And long after his partner was on the phone breaking the news, and long after his partner was off the phone again and all the wheels of procedure had started to turn, he kept walking back and forth in there shouting “I got him! I got him!” High on victory, souped-up with the lovely, the lovable end to a bitter and deadly hate.
Until they had to sit him down in a chair and slip him a nip of the dead man’s Courvoisier to help him to unwind. And even then—
“I got him!...
“I got him for him!...
“I got him!”
I’m Ashamed
Every Saturday night he and Warren used to get together after supper and go downtown. Downtown was a special sort of place, a grown-up sort of place. Just like Saturday night was a special sort of night. Downtown was a Saturday night sort of place.
They’d meet on the next corner, where Hillside Avenue cut through Pomeroy Street and ran down the hill, and on into downtown. Warren lived over on one side of Hillside Avenue, and he on the other, so this meeting-place was about equidistant from both their houses and served conveniently. You had to go along Hillside Avenue to get downtown, anyway: there was no other way. At least not from up there on the Heights, the residential section, where they both lived.
Warren was usually already there waiting for him when he got there. That was because they started supper a little earlier at Warren’s house than they did at his, and therefore they got through a little earlier. The difference was not much, only about ten or fifteen minutes. Just long-standing family habits. And that being the case, the small gap between the two never had a chance to close up, be eliminated. Therefore, Warren was always there first. As he was now.
Warren was lounging with his back against a tree smoking a cigarette with an aplomb it had taken him some pains to acquire. He now had it down pat, however, and was a perfected smoker. All the earlier unevennesses of gesture, the raggednesses of manipulation, had been smoothed out now. The one remaining vestige of the ingénue (and this would go too, very shortly) was one that was not visible to the eye; he was still inwardly impressed by the act himself each time he performed it, entire matter-of-factness was yet to come. Bruce knew this because he felt that way too; they had kept pace in this as in everything else.
Warren’s spare elongated form and the young tree-trunk he had his shoulders tilted against bore an odd similarity of outline when viewed from a distance. It looked like one of those trees with a bow-shaped double trunk; one ash-gray, the other piebald tan, white and pink.
They exchanged no greeting whatever. They had parted less than an hour before, after being together the greater part of the afternoon, so there was no real reason to. Warren simply detached himself from the tree and fell into stride alongside Bruce, trailing an occasional gauzy kerchief of cigarette-smoke over his shoulder.

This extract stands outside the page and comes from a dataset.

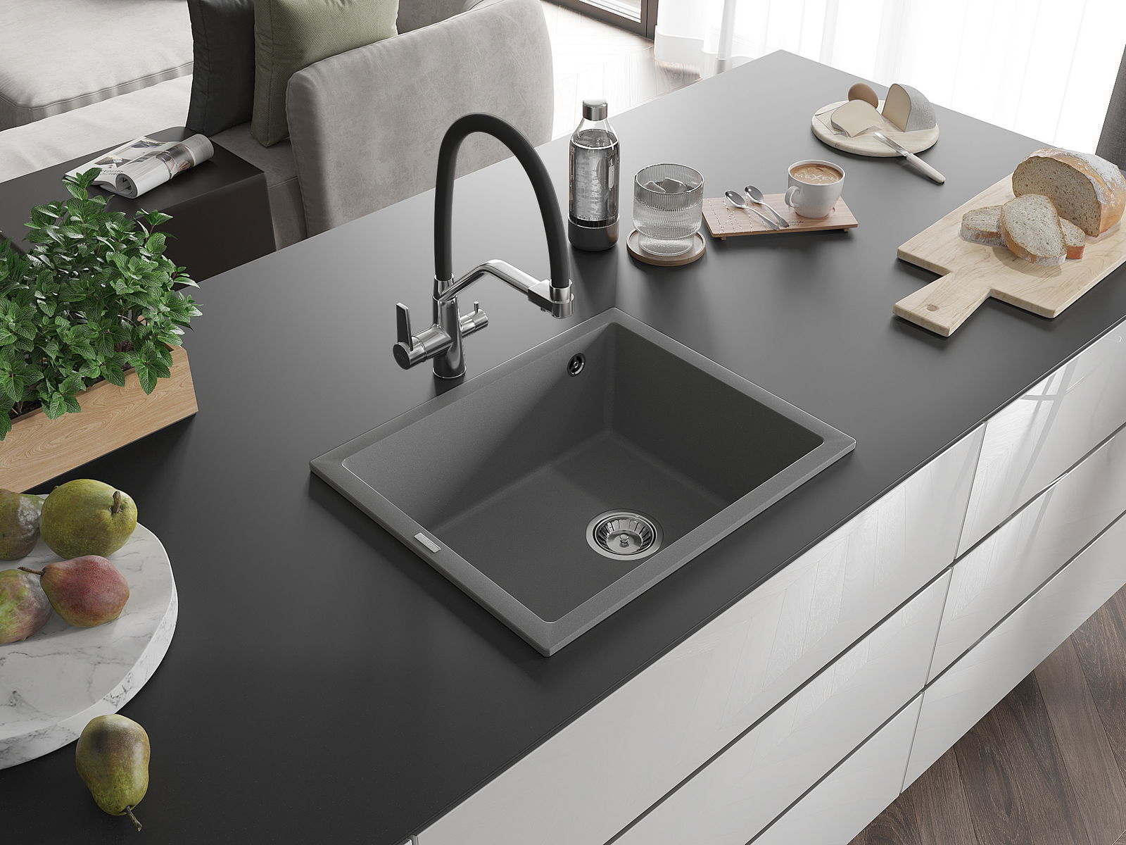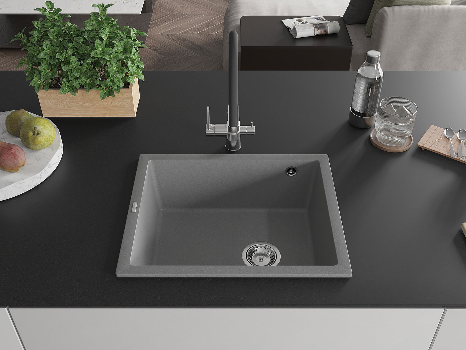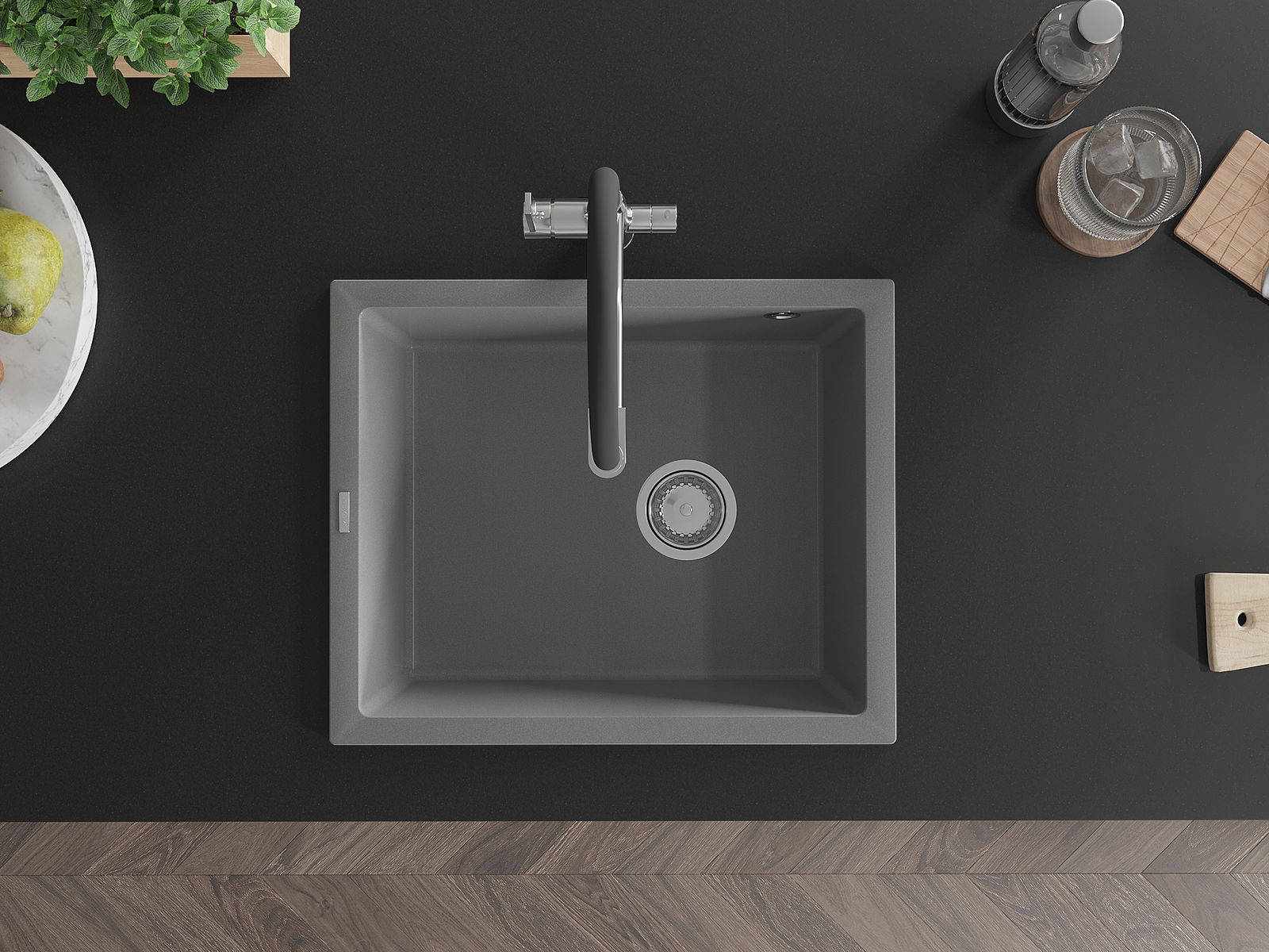 Den Ëmwäschbecken ass aus héichwäertege Granit gemaach. Et stellt eng elegant awer virun allem praktesch Ergänzung fir all Kichen duer, onofhängeg vun hirem Stil. Déi héich Qualitéit an Haltbarkeet vum Granit suergen fir méi järelaang Benotzung.

The night was splendid, but like the young they were, they had no time to contemplate it. Only the other young interested them. Prismatically it was mostly blues of all shades, from the indigo of the sweeping arch overhead, down the chromatic scale through the marine blue of the leafy coverage over them and of the lawns and hedges they passed, the periwinkle of their own stilt-walking shadows as they moved on past a light, the cobalt that in the daytime was the white trim of doorways and of window-frames, to finally the azure of Warren’s cigarette-smoke; all sprinkled above with crystals that were stars, and streaked below with gold and garnet stripes that were the passing to and fro of cars. And before and below them a heliotrope haze where the lights of downtown lay bedded on the depression-floor they were descending toward. It was a night as though there had never been night before, and never would be again; only this once, to show the supreme beauty of its face.

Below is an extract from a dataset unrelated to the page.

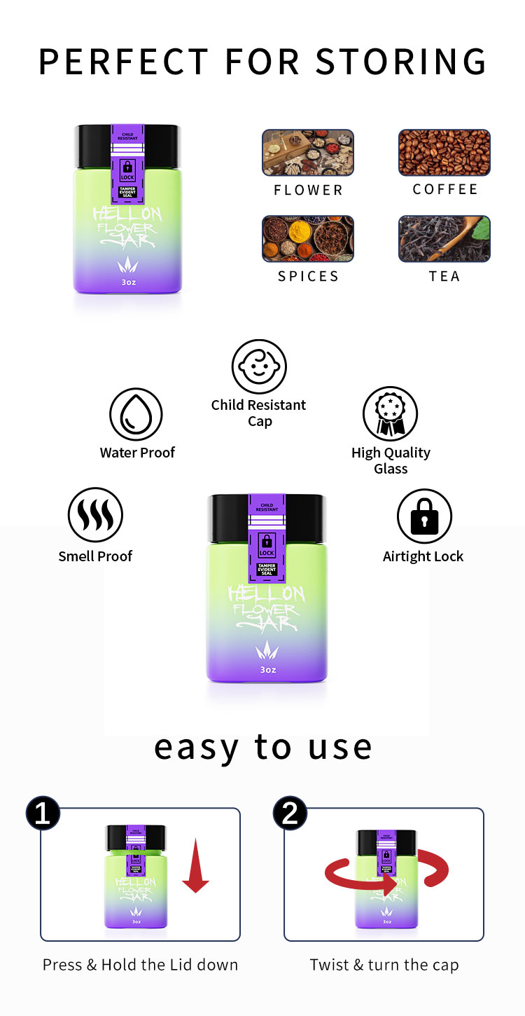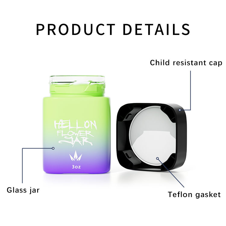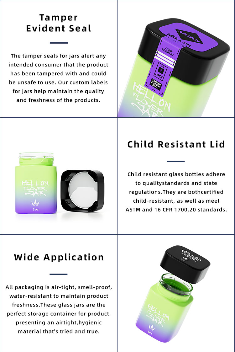Custom frosted glass eight jar child proof glass jars 1 grams 3.5 grams flower smell proof square glass jar
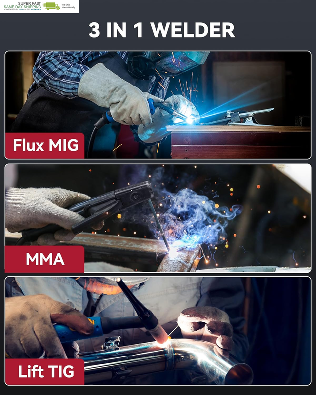 3-IN-1 WELDER: 3 welding modes Flux Core Gasless MIG/ Lift TIG/ MMA meet your different requirements (Need to buy extra Lift tig torch). Adjust the current and 10-speed variable feed controls for perfectly managed flux-cored welding of carbon steel, stainless or even thicker steel, Ideal for home DIY, outdoor repairs, rusty metal, farm and road equipment, and maintenance and repairs.

Warren’s first remark came after nearly a block of lithe, effortless striding. “How much’ll you bring with you?”
“Eight bucks,” answered Bruce. “How much’d you?”
“Three.”
“That’s eleven between us,” said Bruce arithmetically.

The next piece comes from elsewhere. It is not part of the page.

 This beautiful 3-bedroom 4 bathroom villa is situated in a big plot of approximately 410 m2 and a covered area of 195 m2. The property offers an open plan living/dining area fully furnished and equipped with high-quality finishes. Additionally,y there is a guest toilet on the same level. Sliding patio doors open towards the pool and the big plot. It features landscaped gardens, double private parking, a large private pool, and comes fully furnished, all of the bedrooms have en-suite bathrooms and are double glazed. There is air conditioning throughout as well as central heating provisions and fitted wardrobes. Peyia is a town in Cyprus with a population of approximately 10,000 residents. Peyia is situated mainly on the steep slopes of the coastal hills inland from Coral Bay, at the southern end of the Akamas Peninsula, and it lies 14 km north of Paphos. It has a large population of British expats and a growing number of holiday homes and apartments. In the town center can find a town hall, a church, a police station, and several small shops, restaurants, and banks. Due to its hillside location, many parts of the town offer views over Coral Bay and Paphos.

“How’d you get so much?” Warren asked him, impressed. “Borrow it from your father?”
“My father isn’t home, he’s entertaining a customer from out of town,” Bruce told him. “I saved it up myself.”
The conversation lagged again. They were together so constantly that there was very little, actually, for them to talk about. Warren began whistling. A new song that was starting to come on the records and over the air. Bruce joined in as soon as he had recognized it. They whistled well together, ebulliently, carefree, unself-conscious as only the young can be. Only, they didn’t know the whole song, so they had to go back each time and repeal the few bars they did know.